Paul then goes on to say in Ephesians 4:20-24 that a great redemptive historical transition has occurred in Christ. It is nothing less than a shift of two ages. The old man has been decisively put off, having been judged once for all upon the cross of Christ. In its place we have put on "the new man" (Eph. 4:24). Again, this is a corporate term, referring to the life of redeemed humanity under the headship of Jesus Christ, the second Adam. In the new man, that is, in Jesus Christ, we are a new creation. The original image of God in which man was created is being progressively restored in us by means of our union with Jesus Christ.

Beginning in Ephesians 4:25, and continuing to the end of the book, Paul applies this redemptive historical transition from the covenant headship of Adam to the covenant of headship of the second Adam. No aspect of our lives remains untouched in Christ. Everything is different now in Christ. We are the eschatological new creation! The old things have passed away, behold all things have become new! A new day has dawned. How can our lives, our attitudes, our behavior remain the same?

The first area of application is in our corporate life together as the body of Christ. We see this in verses 25 to the end of the chapter, including the first two verses of chapter 5.  We are to lay aside all that would hinder or undermine the unity of the body of Christ. Such things as lying to one another, festering anger, unwholesome words that do not built one another up, words that come from a place of bitterness and anger – all of these things tear down the body.

Paul therefore calls us to imitate Christ, to live a life of love just as Christ also loved us and gave himself for us, an offering and a sacrifice to God as a fragrant aroma (Eph. 5:1-2). We are to have the same attitude that Jesus had:  who did not consider equality with God something to be used for his own advantage, but who emptied himself, and became a bond servant. Thus we too are to love one another even when it hurts, indeed, most of all when it hurts. We are to forgive one another even though it goes against the natural desire to nurse our feelings of self-pity. We are to carefully guard our speech, so that we do not let loose a barrage of friendly fire upon our brethren.
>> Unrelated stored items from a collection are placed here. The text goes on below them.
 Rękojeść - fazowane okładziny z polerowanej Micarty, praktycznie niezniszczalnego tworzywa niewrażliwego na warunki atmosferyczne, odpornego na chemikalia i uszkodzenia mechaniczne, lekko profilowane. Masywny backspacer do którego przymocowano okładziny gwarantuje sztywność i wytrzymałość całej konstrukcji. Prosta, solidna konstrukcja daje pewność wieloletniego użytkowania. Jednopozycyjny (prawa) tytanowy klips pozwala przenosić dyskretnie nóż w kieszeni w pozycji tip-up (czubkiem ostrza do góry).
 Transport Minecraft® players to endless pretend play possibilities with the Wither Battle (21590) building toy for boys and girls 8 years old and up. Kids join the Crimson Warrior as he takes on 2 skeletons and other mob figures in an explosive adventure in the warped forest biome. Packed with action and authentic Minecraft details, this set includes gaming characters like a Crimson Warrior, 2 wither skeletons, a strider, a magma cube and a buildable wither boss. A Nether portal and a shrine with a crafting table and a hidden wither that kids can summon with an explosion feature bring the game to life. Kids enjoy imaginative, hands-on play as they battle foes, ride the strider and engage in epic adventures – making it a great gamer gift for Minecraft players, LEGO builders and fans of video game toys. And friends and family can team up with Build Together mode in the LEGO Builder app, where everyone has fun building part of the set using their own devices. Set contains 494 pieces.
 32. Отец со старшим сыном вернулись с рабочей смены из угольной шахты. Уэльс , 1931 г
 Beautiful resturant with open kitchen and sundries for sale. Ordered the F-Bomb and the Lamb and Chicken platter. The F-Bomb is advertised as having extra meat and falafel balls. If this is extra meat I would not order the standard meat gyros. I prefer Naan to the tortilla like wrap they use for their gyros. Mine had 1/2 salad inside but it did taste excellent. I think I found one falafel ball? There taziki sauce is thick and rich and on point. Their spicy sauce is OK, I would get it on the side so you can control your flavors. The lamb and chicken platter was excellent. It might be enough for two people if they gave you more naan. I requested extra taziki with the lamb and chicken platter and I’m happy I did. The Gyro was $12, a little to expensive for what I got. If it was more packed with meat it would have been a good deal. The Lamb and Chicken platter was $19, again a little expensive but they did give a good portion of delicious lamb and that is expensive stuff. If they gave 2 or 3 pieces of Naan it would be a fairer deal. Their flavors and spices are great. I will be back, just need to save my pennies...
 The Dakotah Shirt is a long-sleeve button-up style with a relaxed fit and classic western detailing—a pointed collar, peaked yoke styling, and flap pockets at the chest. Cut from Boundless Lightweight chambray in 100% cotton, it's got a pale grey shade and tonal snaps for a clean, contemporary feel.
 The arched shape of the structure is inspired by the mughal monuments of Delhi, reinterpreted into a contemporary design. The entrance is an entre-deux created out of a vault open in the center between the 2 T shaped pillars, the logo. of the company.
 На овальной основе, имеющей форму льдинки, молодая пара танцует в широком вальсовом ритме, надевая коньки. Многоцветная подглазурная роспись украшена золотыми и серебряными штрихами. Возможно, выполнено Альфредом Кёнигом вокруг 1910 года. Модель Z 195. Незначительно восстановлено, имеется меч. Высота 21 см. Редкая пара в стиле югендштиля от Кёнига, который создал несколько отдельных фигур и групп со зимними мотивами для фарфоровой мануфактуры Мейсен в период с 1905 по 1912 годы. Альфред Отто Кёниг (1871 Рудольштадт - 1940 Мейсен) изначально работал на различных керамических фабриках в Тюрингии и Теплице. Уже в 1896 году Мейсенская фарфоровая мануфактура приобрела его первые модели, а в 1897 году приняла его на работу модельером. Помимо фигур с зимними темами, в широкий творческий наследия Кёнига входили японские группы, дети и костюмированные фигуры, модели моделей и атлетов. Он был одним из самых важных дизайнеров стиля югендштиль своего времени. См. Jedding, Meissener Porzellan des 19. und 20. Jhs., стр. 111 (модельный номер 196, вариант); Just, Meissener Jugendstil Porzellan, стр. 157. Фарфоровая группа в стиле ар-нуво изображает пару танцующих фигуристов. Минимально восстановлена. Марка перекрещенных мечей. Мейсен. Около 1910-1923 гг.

Instead we must make every effort to speak only those words which will give grace to the hearer, according to the need of the moment.

When we come to Ephesians 5:3-4, we come to a second major area of application:  "But immorality or any impurity or greed must not even be named among you, as is proper among saints; and there must be no filthiness and silly talk, or coarse jesting, which are not fitting, but rather giving of thanks."

The fact that we have been transferred out of the sin, guilt and condemnation of the old Adam into the new creation headed up in the second Adam, not only has implications for how we are to treat one another in the church, but for how we ought to conduct our personal lives in the area of personal integrity and morality, especially with regard to the whole issue of sexual purity.

"Immorality" in Greek is porneia. It can basically be translated "fornication." This term is rather broad and covers any kind of sexual intercourse outside of the one-flesh union of a man and a woman united in a biblically approved marriage. It includes the following types of sexual sin:  adultery, premarital sex, prostitution, incest, and various forms of unnatural sex, including homosexual activity. (We know this because that is the way the term porneia is used in the Greek translation of the Old Testament, the Septuagint – the Bible of the early church.) All of the various sexual transgressions that fall under the general term porneia or sexual immorality are not fitting for saints.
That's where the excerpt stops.